◆ **Your objective**
Every line below from the one with "2021年新昌县城区初中、小学第四类招生公告,有需求的家" through the one with "In a stark monochromatic" should be retyped exactly, both ends included; no other lines and no pictures.

◆ **Stored data**

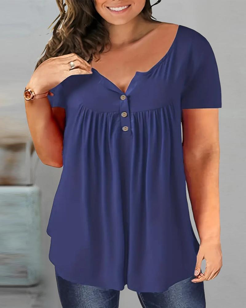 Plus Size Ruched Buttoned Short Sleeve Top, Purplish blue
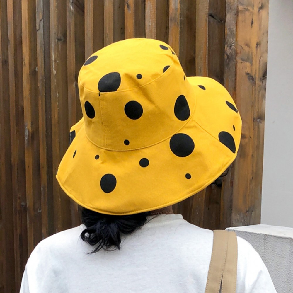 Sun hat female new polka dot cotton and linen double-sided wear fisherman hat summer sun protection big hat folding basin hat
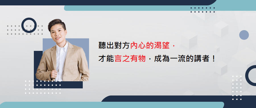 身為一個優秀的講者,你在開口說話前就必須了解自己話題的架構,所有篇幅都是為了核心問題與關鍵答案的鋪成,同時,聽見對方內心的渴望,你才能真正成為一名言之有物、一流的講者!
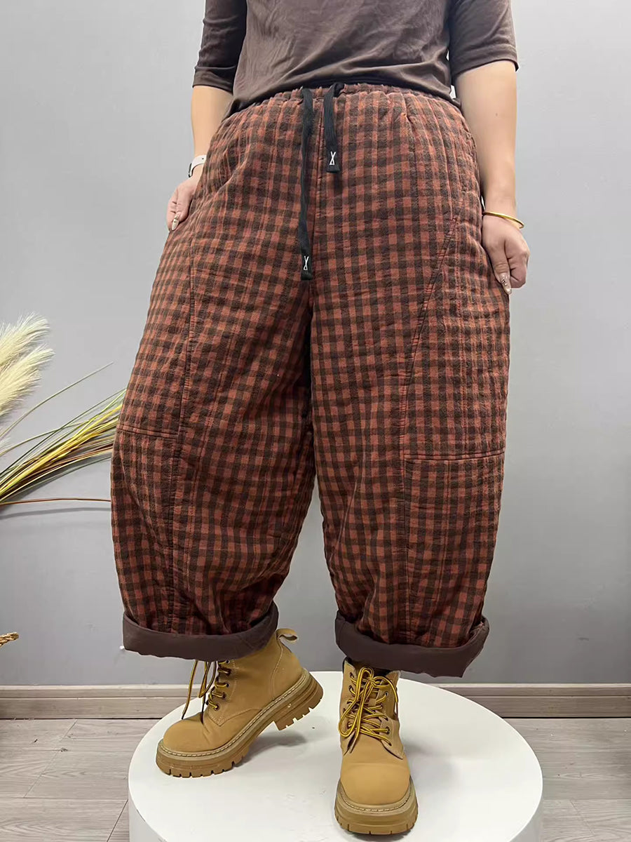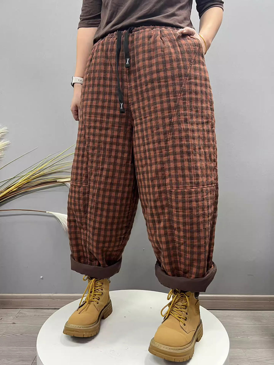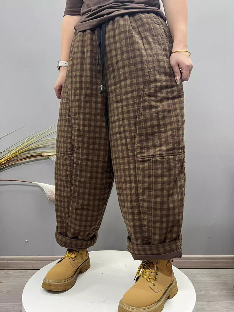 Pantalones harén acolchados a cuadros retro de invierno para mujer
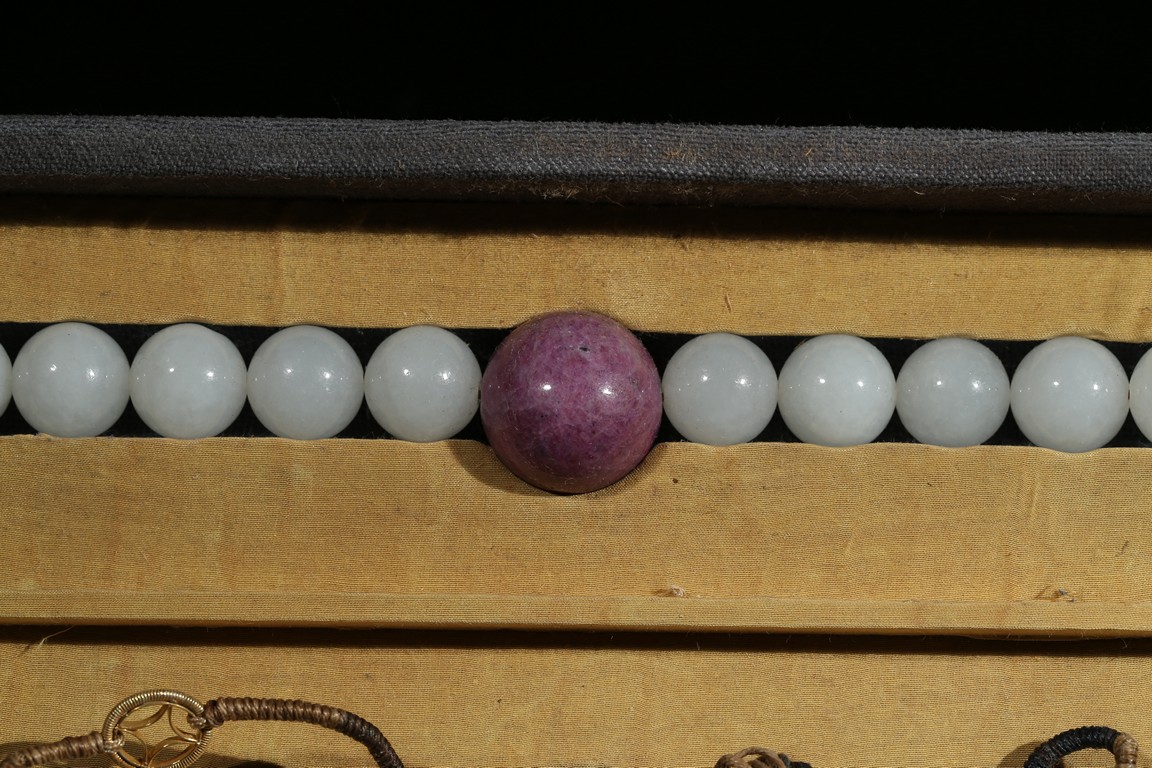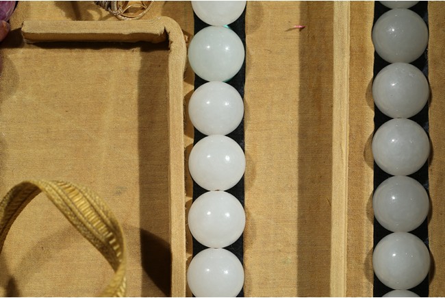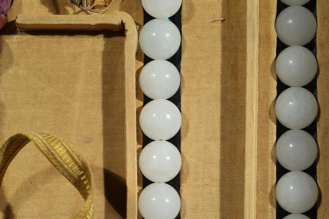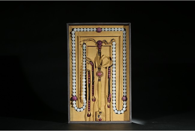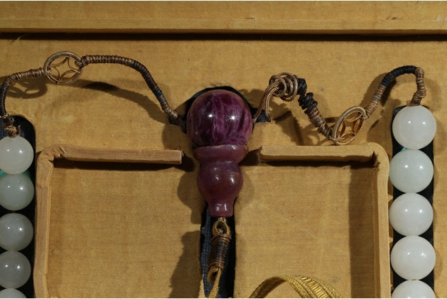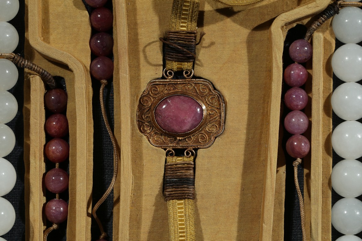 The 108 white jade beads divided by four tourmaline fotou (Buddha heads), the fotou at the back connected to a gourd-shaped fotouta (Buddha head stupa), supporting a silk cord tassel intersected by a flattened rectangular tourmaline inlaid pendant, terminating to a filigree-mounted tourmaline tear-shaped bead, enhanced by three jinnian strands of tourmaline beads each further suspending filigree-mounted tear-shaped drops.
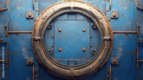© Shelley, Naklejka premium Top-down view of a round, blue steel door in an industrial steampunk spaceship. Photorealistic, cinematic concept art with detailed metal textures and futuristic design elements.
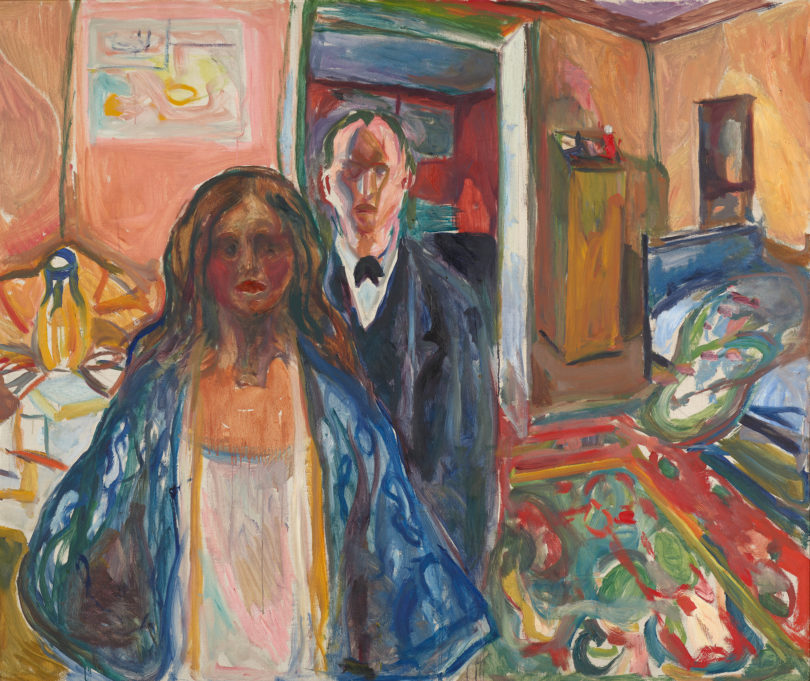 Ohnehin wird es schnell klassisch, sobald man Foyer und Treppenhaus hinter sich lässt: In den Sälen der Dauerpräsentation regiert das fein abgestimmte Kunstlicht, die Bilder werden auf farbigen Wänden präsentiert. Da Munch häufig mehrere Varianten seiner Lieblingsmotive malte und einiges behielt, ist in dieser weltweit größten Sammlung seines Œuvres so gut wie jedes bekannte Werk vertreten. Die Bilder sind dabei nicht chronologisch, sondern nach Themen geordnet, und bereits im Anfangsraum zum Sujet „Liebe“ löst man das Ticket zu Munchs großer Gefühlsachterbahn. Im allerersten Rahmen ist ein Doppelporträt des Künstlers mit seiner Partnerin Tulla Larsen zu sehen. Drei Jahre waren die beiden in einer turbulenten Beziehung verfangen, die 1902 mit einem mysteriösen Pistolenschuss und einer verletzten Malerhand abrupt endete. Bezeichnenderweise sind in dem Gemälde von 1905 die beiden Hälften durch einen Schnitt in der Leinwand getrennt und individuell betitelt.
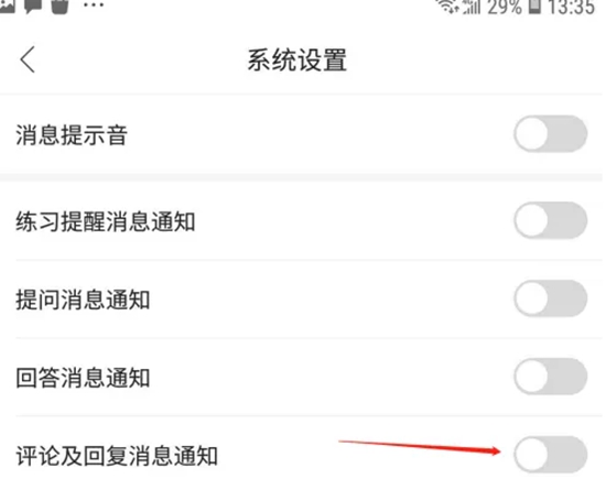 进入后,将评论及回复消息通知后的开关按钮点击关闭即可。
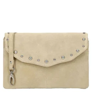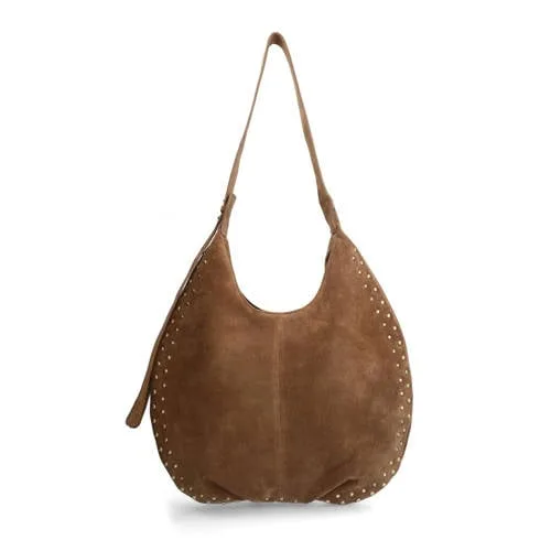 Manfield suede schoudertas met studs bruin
* * *
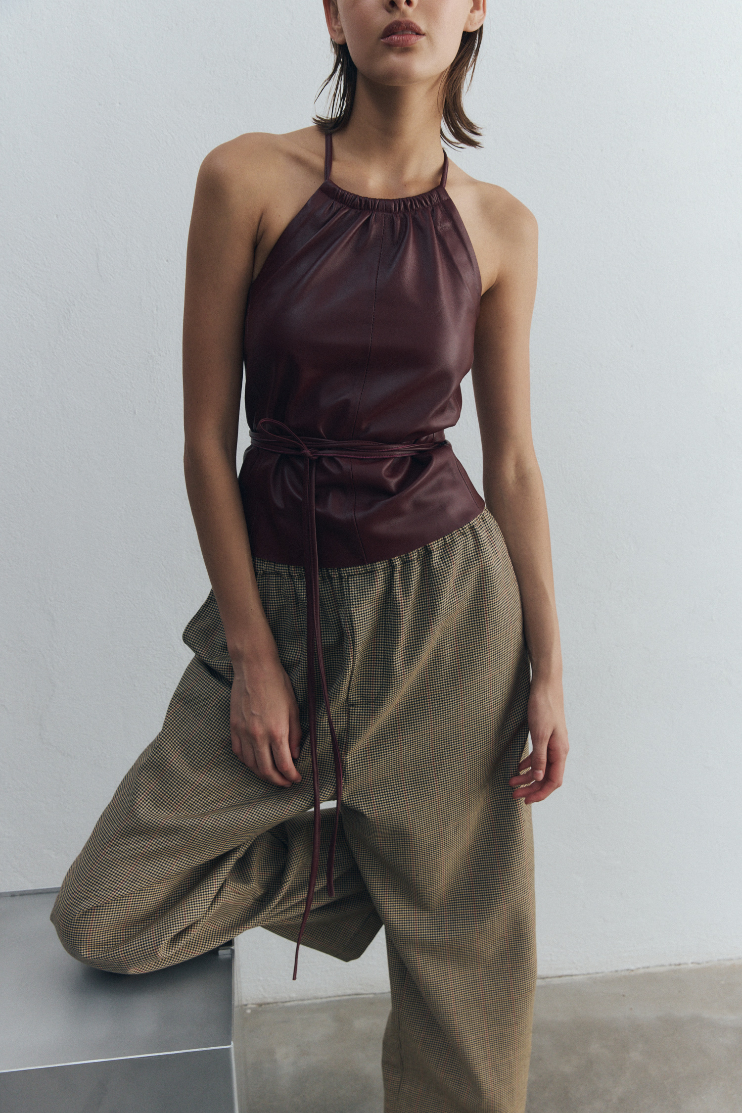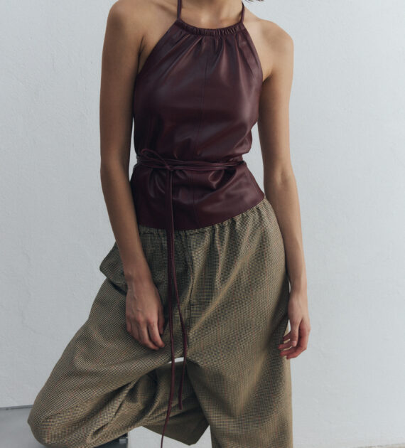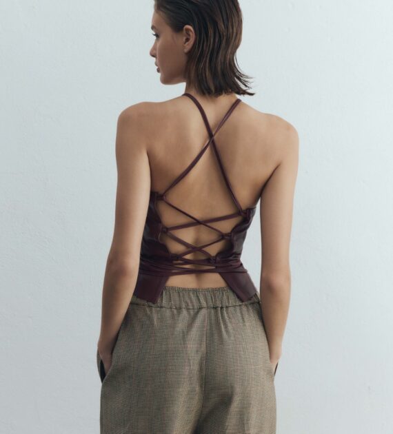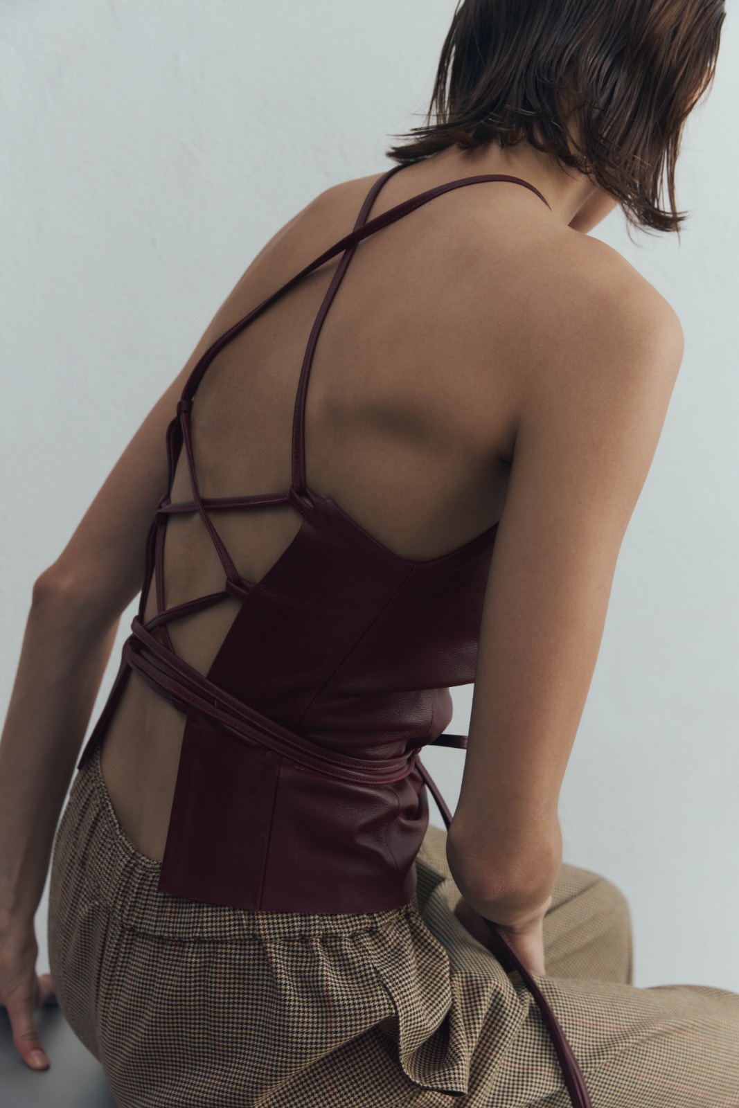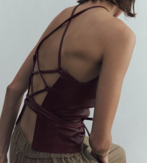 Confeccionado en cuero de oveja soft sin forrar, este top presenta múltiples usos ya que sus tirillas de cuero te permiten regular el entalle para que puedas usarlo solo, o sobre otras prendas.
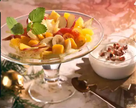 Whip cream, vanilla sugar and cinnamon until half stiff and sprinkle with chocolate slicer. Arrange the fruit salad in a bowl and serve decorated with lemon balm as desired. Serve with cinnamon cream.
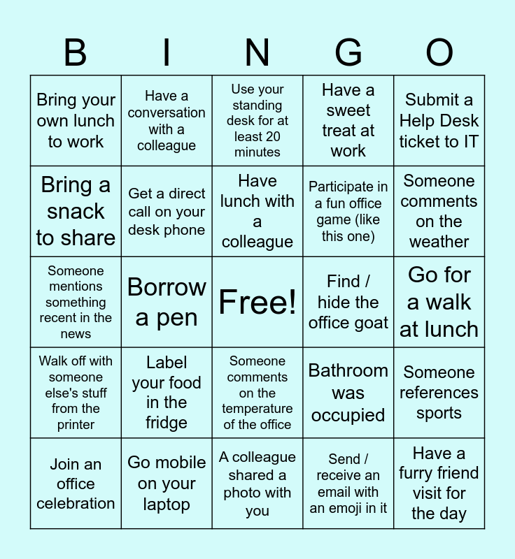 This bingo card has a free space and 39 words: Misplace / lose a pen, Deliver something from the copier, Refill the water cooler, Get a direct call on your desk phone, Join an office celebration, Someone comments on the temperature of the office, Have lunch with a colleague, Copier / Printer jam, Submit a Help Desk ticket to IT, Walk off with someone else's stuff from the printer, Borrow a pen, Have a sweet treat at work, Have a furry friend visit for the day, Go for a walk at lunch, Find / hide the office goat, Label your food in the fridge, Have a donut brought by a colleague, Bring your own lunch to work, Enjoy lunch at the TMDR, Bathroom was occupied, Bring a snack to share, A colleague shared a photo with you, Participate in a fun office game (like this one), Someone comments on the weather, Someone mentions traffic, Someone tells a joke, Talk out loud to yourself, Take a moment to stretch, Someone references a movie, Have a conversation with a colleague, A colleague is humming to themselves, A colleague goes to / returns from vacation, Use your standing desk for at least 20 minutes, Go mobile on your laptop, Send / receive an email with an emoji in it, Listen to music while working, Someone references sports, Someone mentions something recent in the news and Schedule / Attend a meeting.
...
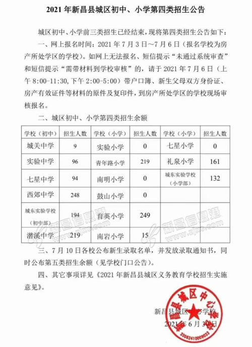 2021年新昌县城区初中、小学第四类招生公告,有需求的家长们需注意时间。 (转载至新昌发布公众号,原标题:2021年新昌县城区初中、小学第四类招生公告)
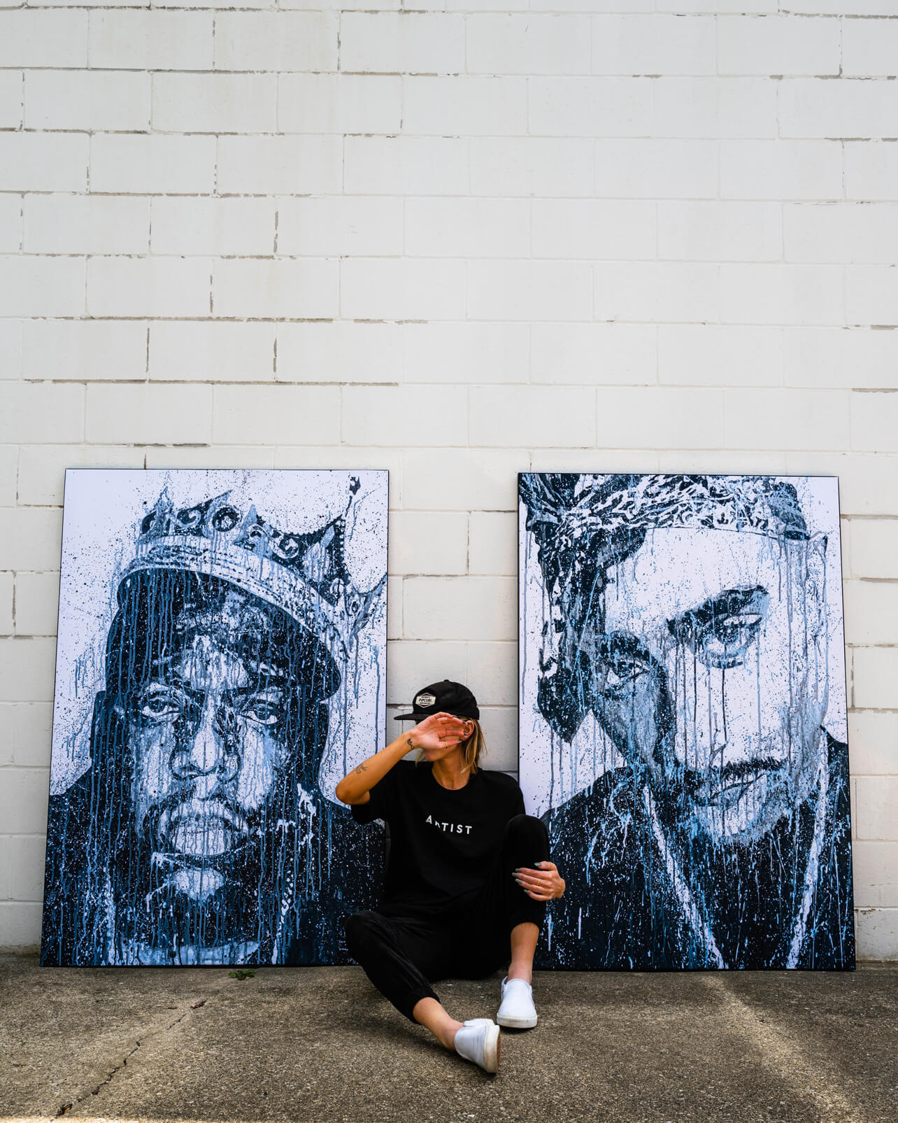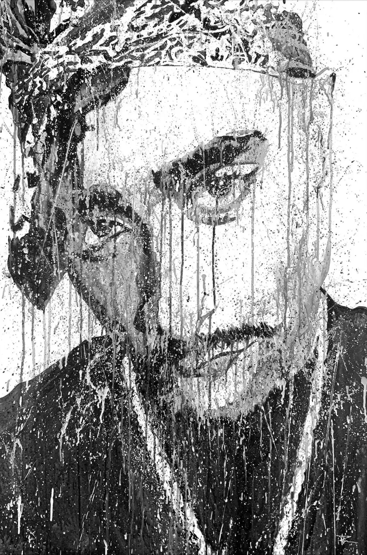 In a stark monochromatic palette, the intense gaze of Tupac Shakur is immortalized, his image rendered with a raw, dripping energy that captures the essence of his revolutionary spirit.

◆ **Response below**
 2021年新昌县城区初中、小学第四类招生公告,有需求的家长们需注意时间。 (转载至新昌发布公众号,原标题:2021年新昌县城区初中、小学第四类招生公告)
 In a stark monochromatic palette, the intense gaze of Tupac Shakur is immortalized, his image rendered with a raw, dripping energy that captures the essence of his revolutionary spirit.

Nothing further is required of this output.